We can now classify the two-dimensional representations of \(P_Q\). Let \(V\) be such a representation. It always has some one-dimensional subrepresentation, which is isomorphic to \(V_v\) for some vertex \(v\). The quotient \(V/V_v\) is a one-dimensional representation, which is isomorphic to \(V_w\) for some vertex \(w\). \(\mathrm{Ext}^1(V_w, V_v)\) has dimension equal to \(d(w, v)\), the number of directed edges from \(w\) to \(v\). Let \(\varphi : V_w \to V_v\) be an arbitrary nonzero linear map. The result of Problem 3.9.1(d) implies that all extensions of \(V_w\) by \(V_v\) are of the form \(U_{vwc}\), parametrized by \(c = [c_1 : \ldots : c_{d(w, v)}] \in \mathbb{P}k^{d(w, v)}\), with \[ \rho_{vwc}(a) = \begin{pmatrix} \rho_v(a) & f_{vwc}(a) \\ 0 & \rho_w(a) \end{pmatrix} \] where \(f_{vwc}\) is the cocycle that assigns \(c_i \varphi\) to the \(i\)^th edge from \(w\) to \(v\).

Observe that \(U_{vwc}\) has the property that \(\rho(p_x)\) vanishes precisely when \(x\) is different from both \(v\) and \(w\).

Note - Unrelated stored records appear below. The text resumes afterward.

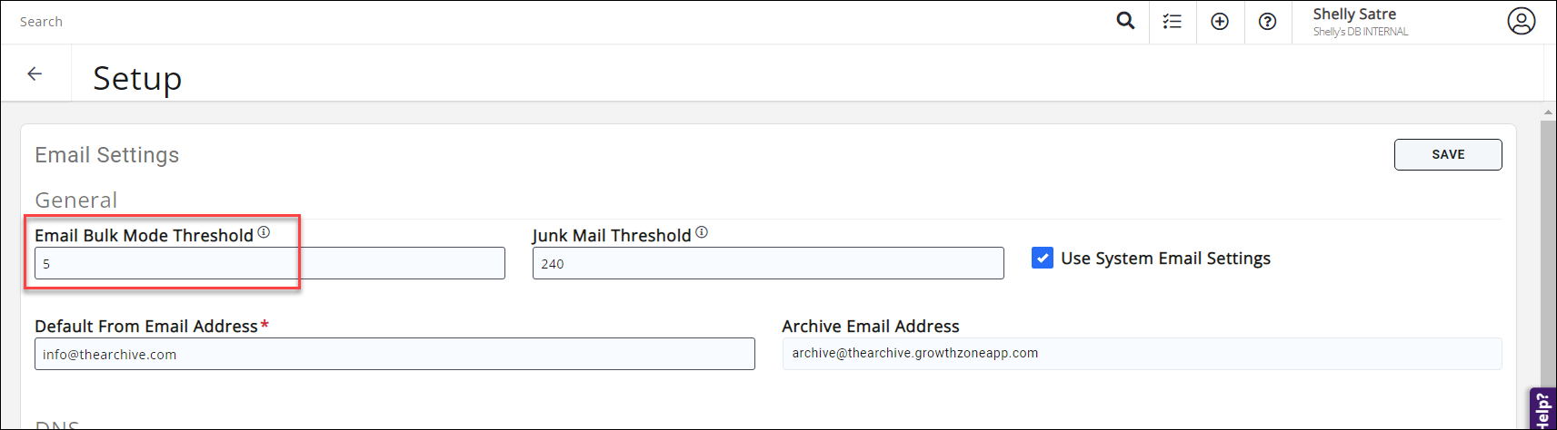 The E-mail Bulk Mode Threshold determines at what point an email that is addressed to multiple recipients will be sent using bulk email handling. For example, when the bulk mode threshold is set to 30, if the recipient count in the TO field is greater than 30, bulk email handling will occur on that email.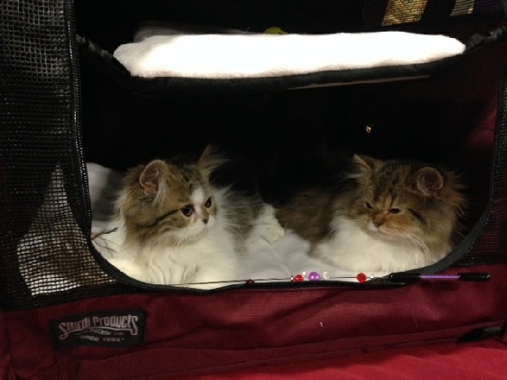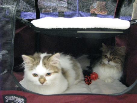 The whole family took the opportunity to go to Cheyenne, WY for the first show ever of the newly minted cat club, Prairie Winds. Hubby came along, which means all the dogs and cats–including Bing’s two little kittens, joined us. It’s part of our socializing training with the kittens to get them travel happy, and this was the perfect opportunity to do so. Both Buster and Brinn enjoyed the new experience and got a chance to meet all the dogs.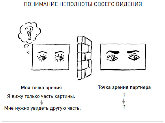 Конечно, чаще всего вы не будете знать точку зрения партнера и, следовательно, не поймете, что ассоциировать со своим стрессом. В таком случае нужно использовать другой подход: пока вы не узнаете точку зрения партнера, ваша точка зрения остается неполной, то есть у вас недостаточно данных для выводов.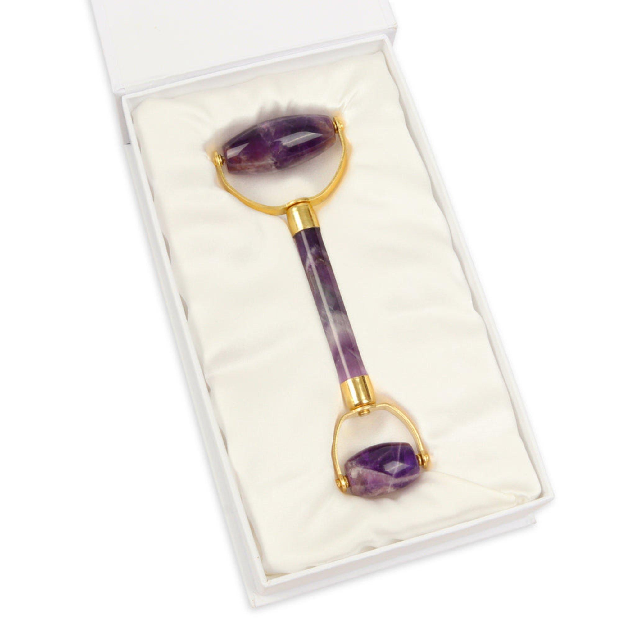 Experience the Premium Double-Headed Amethyst Roller—the "most attractive crystal roller available" with superb quality that customers say is "stunning" for its jewelry-grade craftsmanship and lifetime guarantee. Ancient beauty wisdom meets spiritual benefits.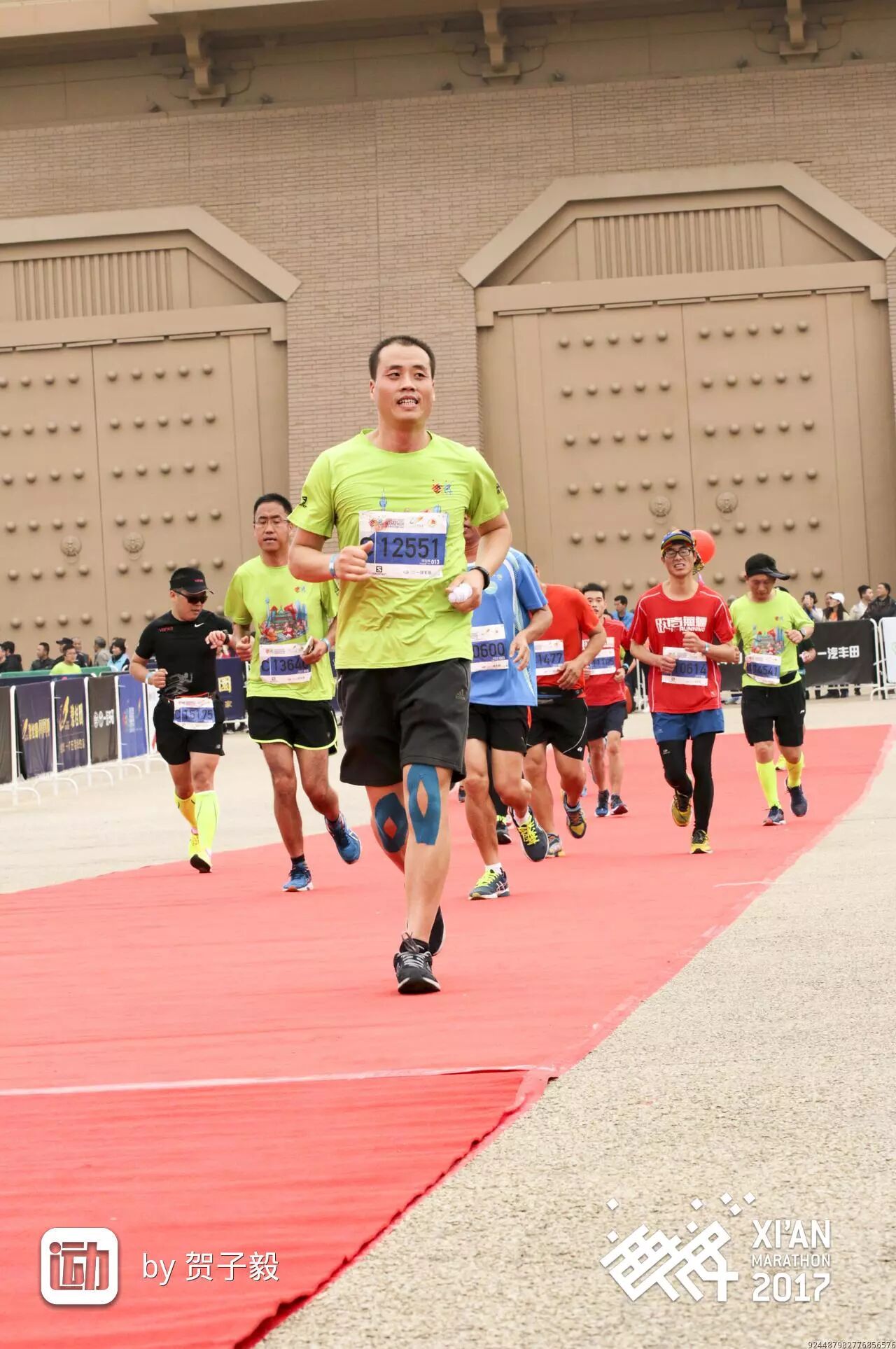 大明宫到了,熟悉的土黄色建筑进入眼帘,可这最后的两公里竟成了脚下最漫长的距离!我看看表,心想是不是去冲刺一番,让自己的最好成绩再突破一点,心里这么想,两条腿却提不起劲!好吧,就这样匀速前进,偌大的公园了绕了好几个大圈,终于看见前方二百米处的终点拱门,一条红地毯从脚下延伸到了终点的另一侧!我不舍得将最后的二百米当成冲刺时间,我依然慢慢地前进,享受走过红毯的感觉!前方十余位摄影师的镜头都对准了我,一瞬间,我就成了最幸福的人,42公里的支撑就是为了享受冲过终点的快感。巨大的幸福开始铺天盖地地向我袭来,不用闪躲,不用刻意逢迎,平静地享受这一刻,享受只有一个人的伟大,这便是42.195公里给予我的最好馈赠!

This implies that if \(U_{vwc} \cong U_{v'w'c'}\) then the two sets \(\{v, w\}\) and \(\{v', w'\}\) coincide. In the case where \(v = v'\) and \(w = w'\), the result of Problem 3.9.1(d) implies that \(U_{vwc} \cong U_{vwc'}\) if and only if \(c = c'\). We must still determine when \(U_{vwc}\) and \(U_{wvc'}\) can be isomorphic. If \(c = c' = 0\), then \(U_{vwc} \cong V_v \oplus V_w\) and \(U_{wvc'} \cong V_w \oplus V_v\) so they are isomorphic. If \(c \ne 0\), then there is at least one edge \(a\) from \(w\) to \(v\) such that \(c_a \ne 0\), implying \(\rho_{vwc}(a) \ne 0\), but then there cannot be an edge from \(v\) to \(w\), so in \(U_{wvc'}\) we must have \(\rho_{wvc}(a) = 0\). So in this case \(U_{vwc} \not\cong U_{wvc'}\). And similar reasoning shows that \(U_{vwc} \not\cong U_{wvc'}\) whenever \(c' \ne 0\). So the nonisomorphic two-dimensional representations of \(P_Q\) are as follows:

• The direct sums \(V_v \oplus V_w\) where \(v\) and \(w\) may be the same or different from each other;
• The indecomposable representations \(U_{vwc}\) parametrized by \(c \in \mathbb{P}k^{d(w, v)} \setminus \{0\}\), which exist only when there is at least one edge from \(w\) to \(v\).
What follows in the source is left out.